TASK DESCRIPTION: Give again, exactly and only, the lines running from the one with "BLACK HISTORY IS" to the end of the material below; leave out pictures.
··· SUPPLIED MATERIAL
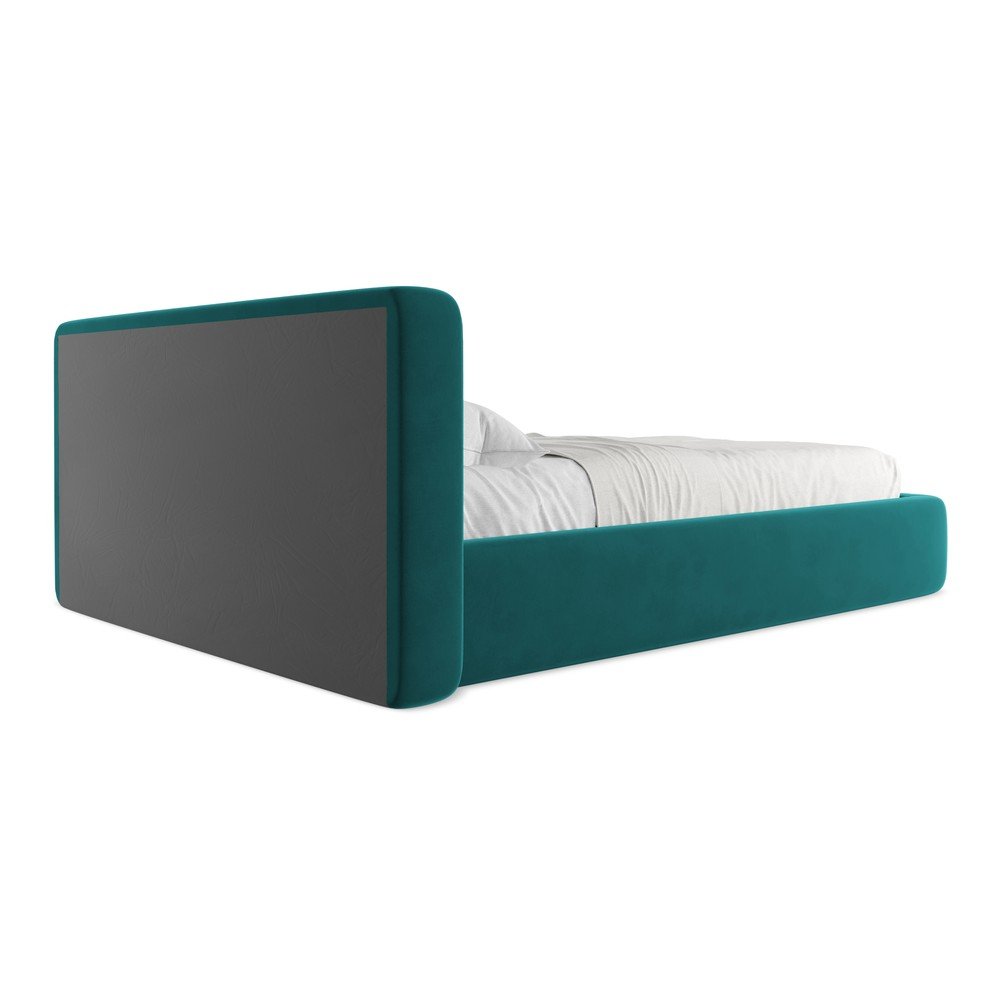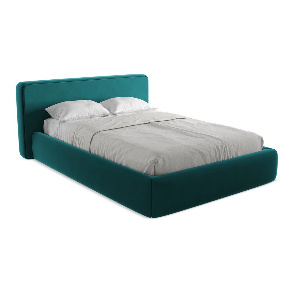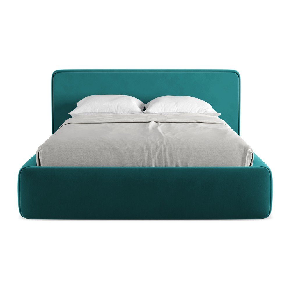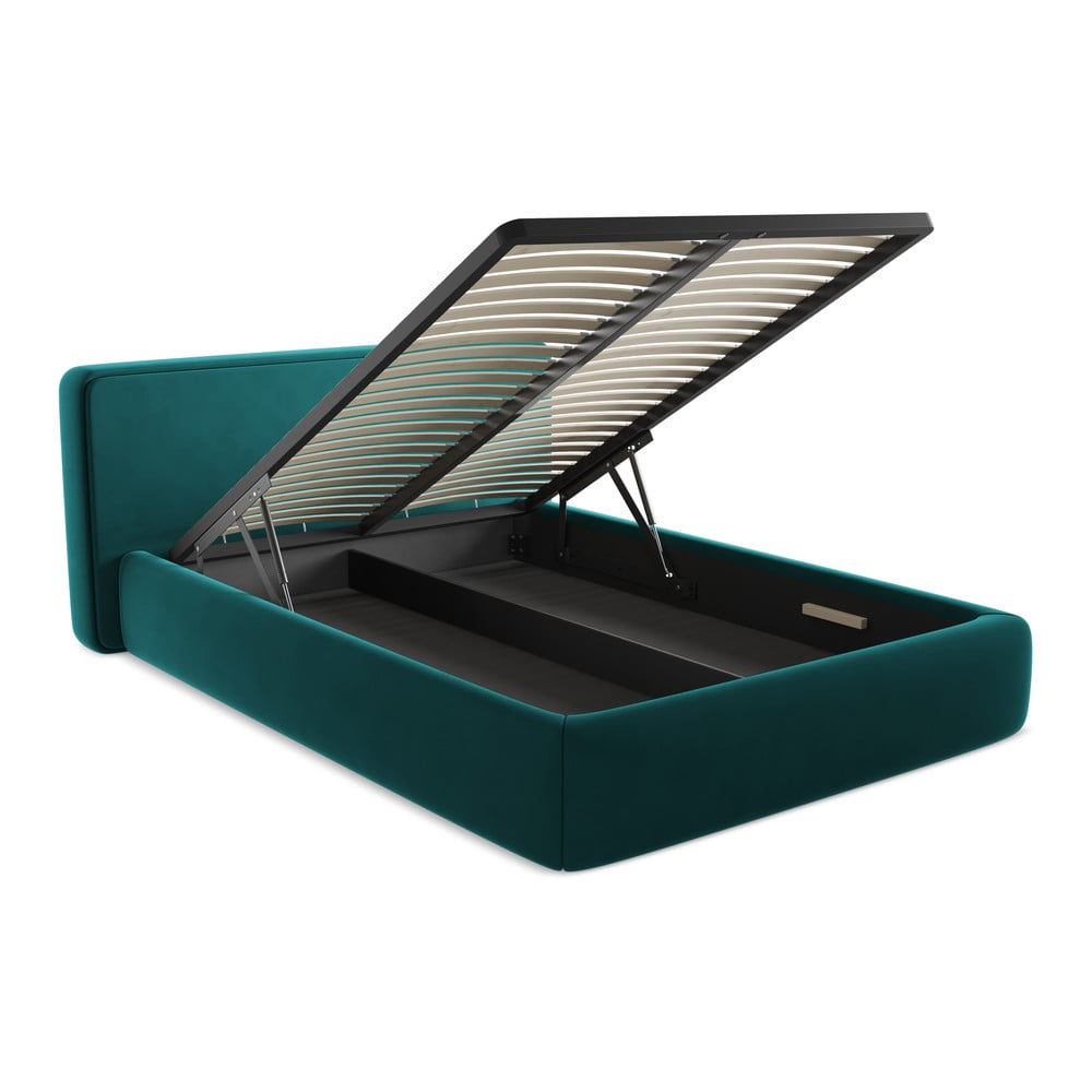 Turkusowe tapicerowane łóżko dwuosobowe ze schowkiem i stelażem 140×200 cm Kiana – Makamii
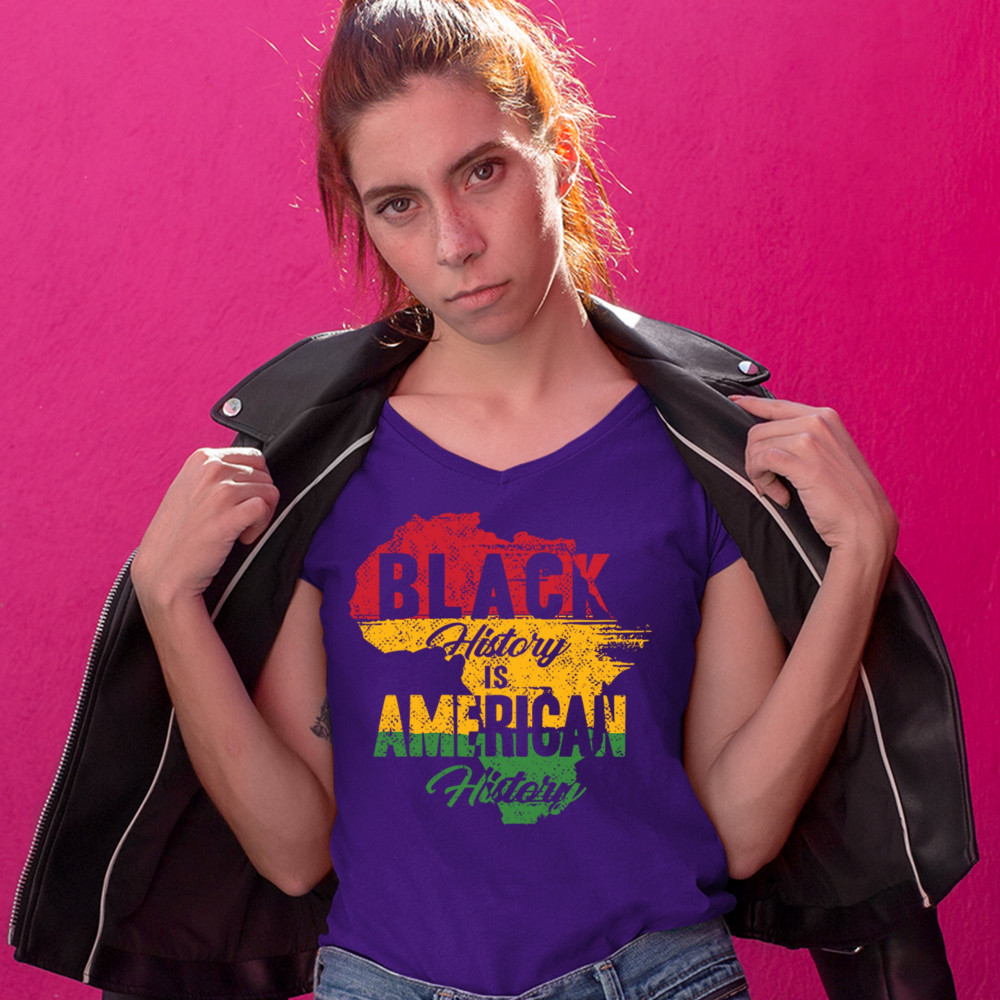 BLACK HISTORY IS AMERICAN HISTORY women's v-neck t-shirt african american tee purple
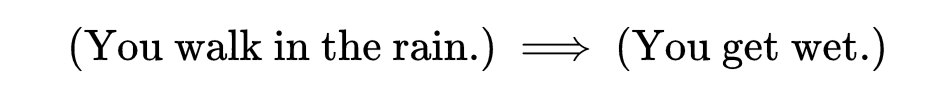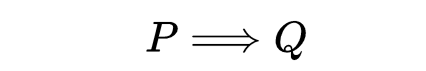 这个表达式意味着,如果P是真的,那么Q就是真的。典型的例子是 "如果你在雨中行走,那么你会被淋湿",这句话看起来像:
······
RESPONSE:
 BLACK HISTORY IS AMERICAN HISTORY women's v-neck t-shirt african american tee purple
 这个表达式意味着,如果P是真的,那么Q就是真的。典型的例子是 "如果你在雨中行走,那么你会被淋湿",这句话看起来像:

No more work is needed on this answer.